The Krieger gift, more than three times the size of the largest previous donation to the university, was the key development in the years of planning that preceded the public launch of the Johns Hopkins Initiative. It encouraged the university and health system to set their ambitious $900 million goal.

Bloomberg also said $20 million gifts from trustee Champ Sheridan and his wife, Debbie, and from the Harry and Jeanette Weinberg Foundation, as well as other major campaign gifts, including from the Baltimore Orioles and Orioles owner Peter Angelos, had also raised his sights.

"I'm just trying to follow on in their footsteps," he said. "My hope is this will not be the biggest gift the campaign receives. I'd be ecstatic if someone came along and used me as an example the way I've followed others. Nothing would give me more pleasure."

Daniel Nathans, interim president of the university, said Bloomberg's gift -- and the achievement of half the campaign goal so quickly -- are important confirmation that trustees and other friends of Hopkins are enthusiastic and confident.

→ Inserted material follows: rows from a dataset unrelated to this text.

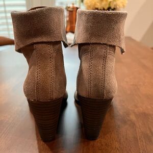 Lucky Brand Suede Tan Wedge Ankle Booties Women’s Size 7 Lace-Up Foldover Boots
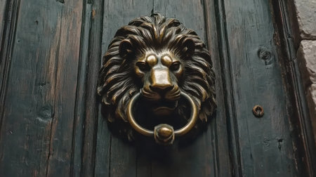This bronze lion door knocker, set against a rustic wooden door, captures the essence of traditional craftsmanship with its intricate design and timeless appeal.
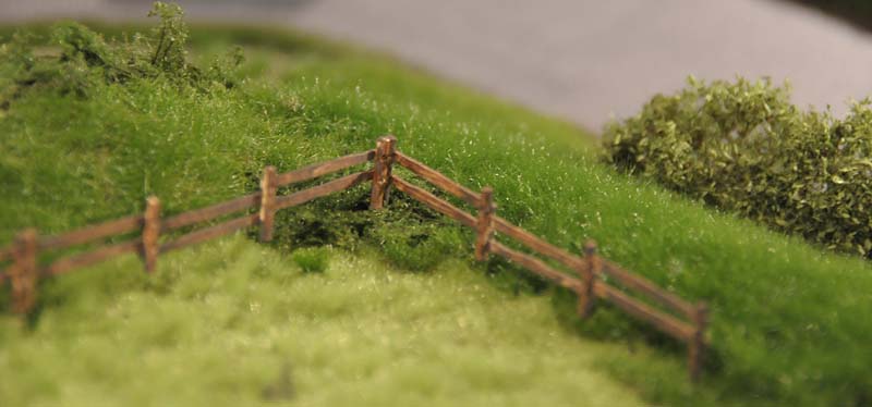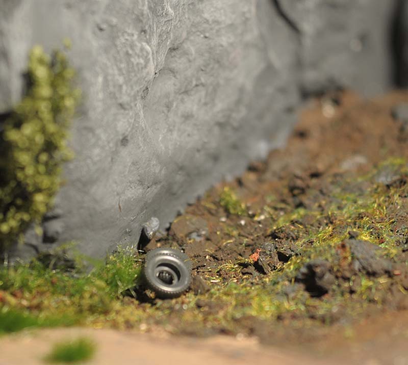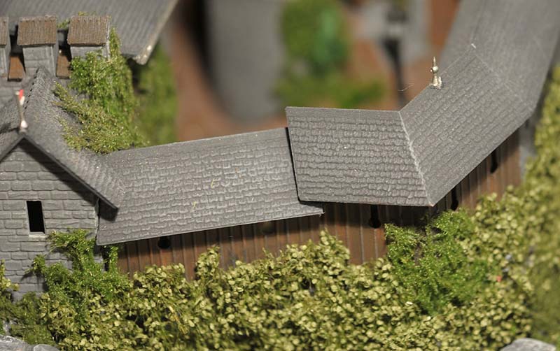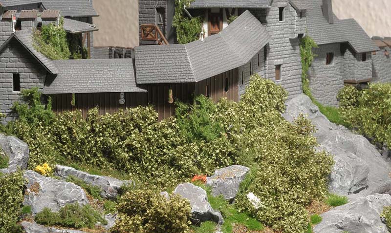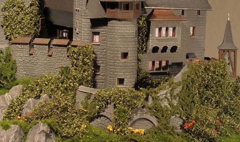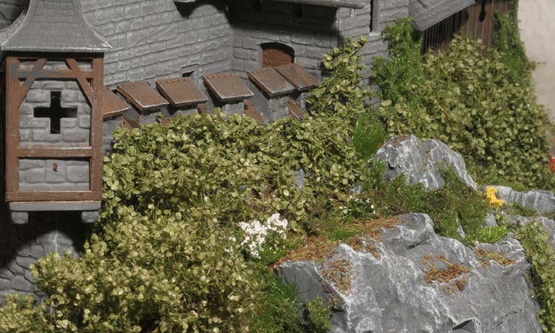 Ich wollte auch unbedingt die Burganlage in das Grün einbauen. Also verdichtete ich die Bepflanzung rund um die Umfassungsmauer und ließ Rankgewächse hochkriechen. Auch eine Wiese und eine Viehweide konnte ich in das Diorama integrieren, außerdem jede Menge Grün, das durch Riten spitzt oder entlang der Wege in Büscheln wächst. Es war eine der schönsten Arbeiten an der Burg Bärenklamm. Die Bilder in der untenstehenden Bildergalerie sind weitgehend ohne Text, denn es gibt kaum etwas zu erläutern. Dafür umso mehr zu sehen.
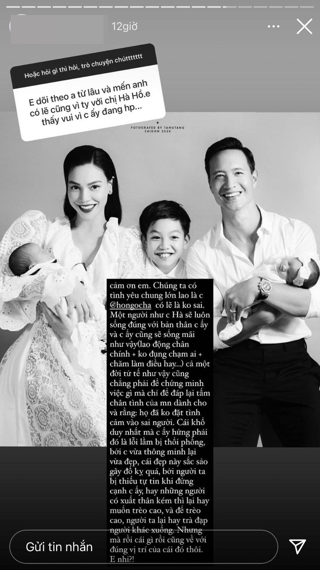 Cụ thể, người em thân thiết của Hồ Ngọc Hà viết: "Một người như chị Hà sẽ luôn sống đúng với bản thân chị ấy và chị ấy cũng sẽ sống mãi như vậy (lao động chân chính, không đụng chạm ai, chăm làm điều hay...). Cả một đời tử tế như vậy cũng không phải để chứng minh việc gì mà chỉ để đáp lại tấm chân tình của mọi người dành cho và rằng họ đã không đặt sai người.
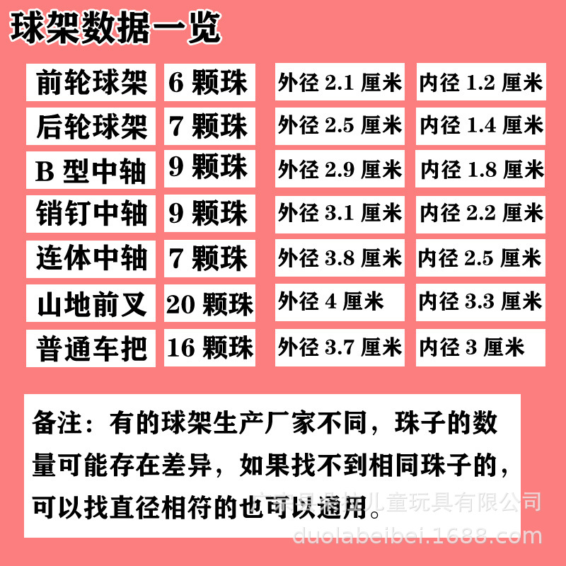 Наружный диаметр 2,1 см (шариковый держатель передней оси) 1 шт.; Наружный диаметр 2,5 см (шариковый держатель задней оси) 1 шт.; Наружный диаметр 3,1 см (общий средний вал) 1 шт.; Наружный диаметр 3,7 см (стойка для шариков передней вилки) 1 шт.; Наружный диаметр 3,8 см (соединенный средний вал) 1 шт.; Внешний диаметр 4 см (стойка для мячей для горного велосипеда) 1 шт.; Наружный диаметр 2,9 см (средний вал B-типа) 1 шт.

They demonstrate, he said, that the campaign is moving forward in the time between President William C. Richardson's departure and the election of a new university president.

"Mike's leadership of this campaign has been extraordinary," Nathans said, "and this gift is more extraordinary still. It's an amazingly generous response to this university's priority need, for endowment support. And it's an important example to alumni of colleges and universities everywhere of the incredible impact they can have in higher education."

Bloomberg, an engineering graduate of Hopkins who earned a Harvard MBA in 1966, runs one of the fastest-growing news and information services in the world. Bloomberg Financial Markets, founded in 1981, now provides market quotes and other financial data to traders and investors through more than 52,000 leased terminals. The New York-based company's Bloomberg Business News wire service provides breaking news stories and analysis over the terminals and to news organizations, including most of the nation's largest newspapers. The company also publishes two magazines, co-produces a public television business news show with Maryland Public Television, and operates a New York City all-news radio station, a syndicated radio service and a 24-hour worldwide all-news television channel.